EBIT.     EBIT for 2002 increased $213 million, compared to 2001. The increase was due primarily to gains on sales of other assets, as described above, increased equity in earnings at D/FD, earnings generated from EDS and the DEM write-off for Enron and Agrifos in 2001.

Other

EBIT for Other improved $157 million in 2003, due primarily to decreased intercompany profits between Duke Energy's segments which are eliminated within Other. These intercompany profits are primarily a result of earnings at D/FD for energy plants it has under construction or completed for DENA, and profits on gas contracts between DENA and Natural Gas Transmission. Partially offsetting those decreases was a $51 million write-off in 2003 related to a corporate risk management information system that was no longer going to be used.

EBIT for Other decreased $51 million in 2002, due primarily to increased intercompany profits between Duke Energy's segments which are eliminated within Other. Partially offsetting the decrease were the expenses associated with increased contributions in 2001 to the Duke Energy Foundation (an independent, Internal Revenue Code section 501(c)(3) entity that funds Duke Energy's charitable contributions) and mark-to-market losses in 2001 on corporately managed energy risk positions used to hedge exposure to commodity prices.

Other Impacts on Earnings Available for Common Stockholders

Interest expense increased $283 million in 2003 as compared to 2002. The increase was due primarily to a $136 million decrease in capitalized interest, resulting primarily from DENA's significantly lower plant construction activity in 2003, and expenses of $48 million related to certain financial instruments with characteristics of both liabilities and equity whose related distributions are now classified as interest expense instead of minority interest expense. Those instruments were classified as debt as of July 1, 2003, in accordance with SFAS No. 150, "Accounting for Certain Financial Instruments with Characteristics of Both Liabilities and Equity." Interest expense also increased $16 million as a result of a 2003 regulatory action by the PSCSC which required the write-off of a portion of regulatory assets related to debt issuance costs (see Note 4 to the Consolidated Financial Statements). The remaining increase was due primarily to higher debt balances, resulting mainly from debt assumed in, and issued with respect to, the acquisition of Westcoast, slightly offset by lower borrowing costs.

In 2002 as compared to 2001, interest expense increased $337 million, due primarily to higher debt balances resulting from debt assumed in, and issued with respect to, the acquisition of Westcoast and increased financing throughout the corporation, partially offset by lower interest rates in 2002.

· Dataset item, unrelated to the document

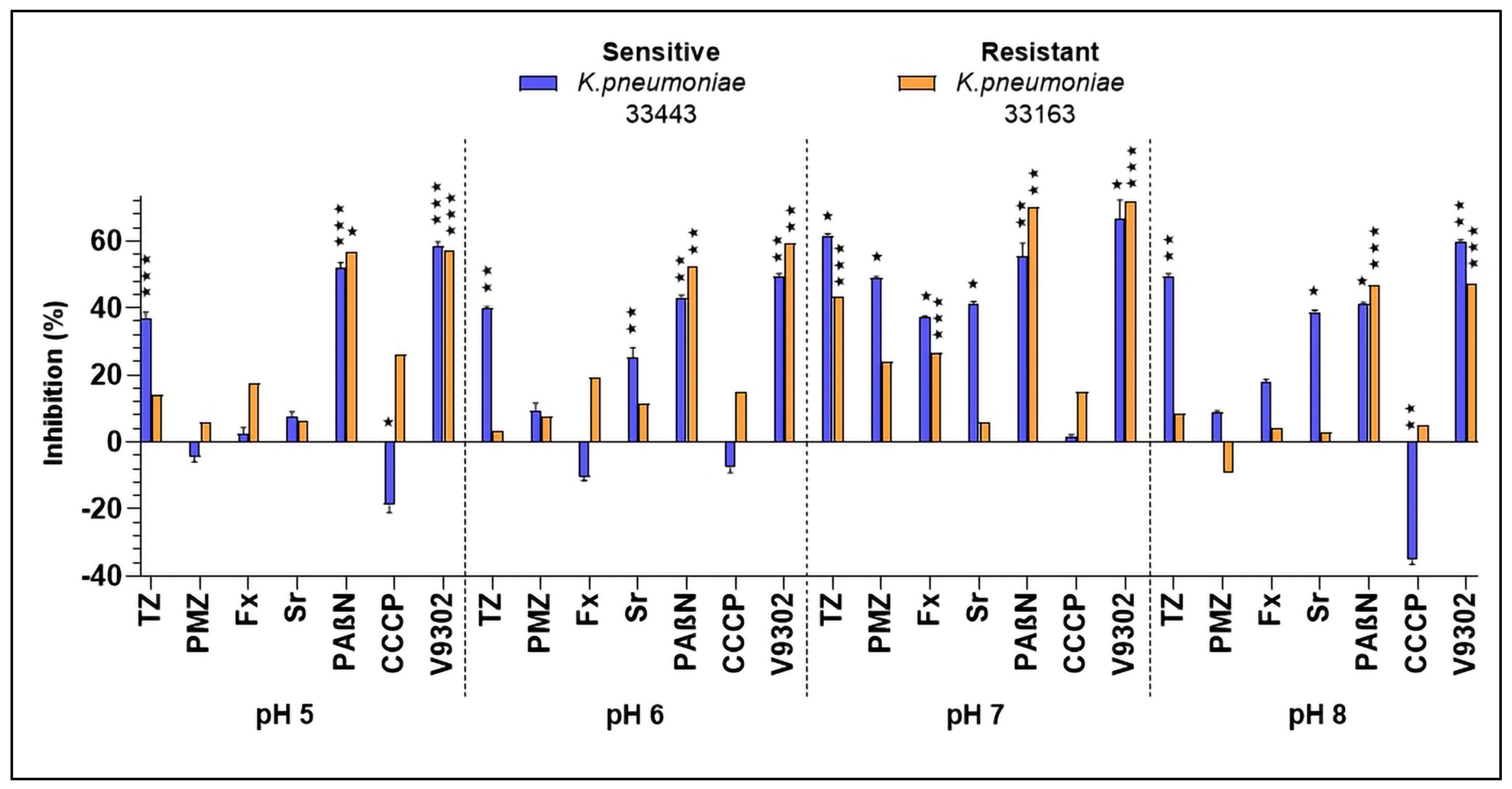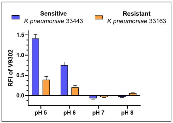 In addition, V9302 showed pH-dependent efflux pump inhibition. At 100 µM, it markedly increased EB accumulation in both K. pneumoniae strains at acidic pH, with the strongest effect at pH 5 (RFI 1.41 ± 0.10 in strain 33443; RFI 0.39 ± 0.08 in strain 33163). A moderate increase was also observed at pH 6, whereas no significant effect was detected at neutral or alkaline conditions (pH 7 and 8). Interestingly, while efflux inhibition was strongest at acidic pH, antibacterial activity peaked at neutral pH, indicating a divergent pH dependence of the two effects.

Minority interest expense decreased $51 million in 2003 as compared to 2002, and decreased $212 million in 2002 as compared to 2001. Through June 30, 2003, minority interest expense included expense related to regular distributions on trust preferred securities of Duke Energy and its subsidiaries. As of July 1, 2003, those distributions were accounted for as interest expense on a prospective basis in accordance with the adoption of SFAS No. 150. As a result of this accounting change, and due to lower distributions related to Catawba River Associates, LLC (changes in its ownership structure as of October 2002 caused costs associated with this financing to be classified as interest expense from minority interest), minority interest expense decreased $75 million for 2003 and $31 million for 2002.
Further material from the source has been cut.